From the above list, Alexandre Desplat (for my money) is one of the most interesting. Like a lot of his contemporaries (and Barry and Morricone), he tends to overproduce and some of his scores can seem indistinguishable from others, but his back catalogue is littered with some fairly powerful work. Check out his scores for Birth, Syriana, Lust, Caution and L’ennemi intime. And if there is anything to look forward to in 2011 one thing must surely be Desplat’s score for Terence Malick’s The Tree of Life.

But there are new developments too. These come in the shape of some really interesting blow-ins from other musical genres, people such as Jonny Greenwood (There Will be Blood), Jon Hopkins (Monsters), and Trent Reznor and Atticus Ross (The Social Network). All of these are fabulous, exciting scores that broaden the parameters of what film music can do and give us a sense of where we might be going from here.

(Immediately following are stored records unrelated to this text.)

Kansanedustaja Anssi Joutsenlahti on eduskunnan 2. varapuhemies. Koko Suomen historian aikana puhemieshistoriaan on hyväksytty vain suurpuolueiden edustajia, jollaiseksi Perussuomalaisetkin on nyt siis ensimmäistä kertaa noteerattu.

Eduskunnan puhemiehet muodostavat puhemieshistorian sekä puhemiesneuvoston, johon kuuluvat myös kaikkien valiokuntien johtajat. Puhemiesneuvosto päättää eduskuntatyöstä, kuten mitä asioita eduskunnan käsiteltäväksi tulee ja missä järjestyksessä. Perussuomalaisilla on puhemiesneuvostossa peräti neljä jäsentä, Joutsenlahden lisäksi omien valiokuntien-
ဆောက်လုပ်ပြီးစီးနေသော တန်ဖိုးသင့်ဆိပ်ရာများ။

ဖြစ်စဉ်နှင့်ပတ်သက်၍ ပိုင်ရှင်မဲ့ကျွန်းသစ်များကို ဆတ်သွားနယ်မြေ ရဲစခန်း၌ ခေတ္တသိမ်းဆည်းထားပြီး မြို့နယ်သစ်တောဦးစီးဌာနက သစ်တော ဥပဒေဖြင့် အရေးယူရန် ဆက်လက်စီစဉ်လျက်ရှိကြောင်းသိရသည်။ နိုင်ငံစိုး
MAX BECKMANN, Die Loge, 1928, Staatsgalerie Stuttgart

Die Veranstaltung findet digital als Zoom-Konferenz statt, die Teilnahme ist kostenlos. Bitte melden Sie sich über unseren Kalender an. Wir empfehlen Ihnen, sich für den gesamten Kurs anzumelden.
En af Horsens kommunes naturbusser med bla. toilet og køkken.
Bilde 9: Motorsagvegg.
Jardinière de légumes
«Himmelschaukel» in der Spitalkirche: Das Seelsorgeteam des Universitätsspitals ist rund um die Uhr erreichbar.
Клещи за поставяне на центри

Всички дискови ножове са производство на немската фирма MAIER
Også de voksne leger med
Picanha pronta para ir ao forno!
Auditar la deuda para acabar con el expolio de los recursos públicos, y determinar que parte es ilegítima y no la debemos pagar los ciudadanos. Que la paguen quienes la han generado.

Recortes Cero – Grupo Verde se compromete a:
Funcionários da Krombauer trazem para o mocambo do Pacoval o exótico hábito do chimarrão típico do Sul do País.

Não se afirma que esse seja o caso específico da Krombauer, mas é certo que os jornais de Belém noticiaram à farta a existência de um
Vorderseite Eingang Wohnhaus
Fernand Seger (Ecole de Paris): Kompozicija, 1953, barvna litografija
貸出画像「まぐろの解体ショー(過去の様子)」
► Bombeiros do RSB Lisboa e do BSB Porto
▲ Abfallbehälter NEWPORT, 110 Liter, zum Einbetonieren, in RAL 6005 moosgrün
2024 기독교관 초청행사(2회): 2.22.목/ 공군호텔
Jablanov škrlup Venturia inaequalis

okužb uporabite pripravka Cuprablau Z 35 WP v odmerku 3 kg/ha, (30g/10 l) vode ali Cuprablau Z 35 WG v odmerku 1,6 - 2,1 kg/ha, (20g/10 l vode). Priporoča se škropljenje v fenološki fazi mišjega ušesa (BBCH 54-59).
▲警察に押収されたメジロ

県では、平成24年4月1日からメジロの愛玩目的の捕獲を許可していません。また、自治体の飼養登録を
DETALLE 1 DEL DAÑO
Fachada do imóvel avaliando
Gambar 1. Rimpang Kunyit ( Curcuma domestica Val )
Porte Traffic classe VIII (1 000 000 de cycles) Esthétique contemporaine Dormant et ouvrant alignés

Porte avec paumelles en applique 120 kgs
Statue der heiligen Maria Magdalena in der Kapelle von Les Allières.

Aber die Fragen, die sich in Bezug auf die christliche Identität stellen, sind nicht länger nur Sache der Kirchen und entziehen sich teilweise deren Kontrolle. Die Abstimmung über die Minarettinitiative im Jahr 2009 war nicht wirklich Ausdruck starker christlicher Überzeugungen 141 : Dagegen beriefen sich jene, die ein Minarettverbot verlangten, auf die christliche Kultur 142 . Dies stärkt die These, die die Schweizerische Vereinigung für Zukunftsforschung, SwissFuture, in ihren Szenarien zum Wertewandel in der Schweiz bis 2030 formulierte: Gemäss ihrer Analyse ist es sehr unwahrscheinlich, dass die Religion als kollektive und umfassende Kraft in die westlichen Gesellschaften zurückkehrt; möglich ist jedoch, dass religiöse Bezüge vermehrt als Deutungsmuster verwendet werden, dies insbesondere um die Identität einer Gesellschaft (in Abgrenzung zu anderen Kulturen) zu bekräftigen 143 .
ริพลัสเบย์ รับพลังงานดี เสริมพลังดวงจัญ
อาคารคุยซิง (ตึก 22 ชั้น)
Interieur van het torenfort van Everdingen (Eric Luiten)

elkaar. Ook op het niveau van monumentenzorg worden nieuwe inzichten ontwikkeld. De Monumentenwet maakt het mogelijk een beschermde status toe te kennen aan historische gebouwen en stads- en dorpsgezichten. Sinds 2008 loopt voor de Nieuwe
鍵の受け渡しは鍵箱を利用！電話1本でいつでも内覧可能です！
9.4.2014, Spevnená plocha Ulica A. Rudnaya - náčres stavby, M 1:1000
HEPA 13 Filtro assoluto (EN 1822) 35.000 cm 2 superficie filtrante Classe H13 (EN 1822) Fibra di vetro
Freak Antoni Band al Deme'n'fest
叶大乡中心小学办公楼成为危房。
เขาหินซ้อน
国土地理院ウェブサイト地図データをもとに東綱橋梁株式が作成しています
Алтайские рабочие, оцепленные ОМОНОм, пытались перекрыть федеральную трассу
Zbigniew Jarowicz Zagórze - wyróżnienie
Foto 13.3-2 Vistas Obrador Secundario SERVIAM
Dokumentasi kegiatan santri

Which is a long way from The Persuaders. Though I always wondered how John Barry managed to get that sound in the signature tune for the title sequence. It sounded a bit like a harpsichord, or a Moog synthesizer. What was it? I’ve just read somewhere that he used, apparently, a combination of a cimbalum, a Finnish kantele, a mandolin, electronic keyboards and a rhythm section.Talk about broadening the parameters.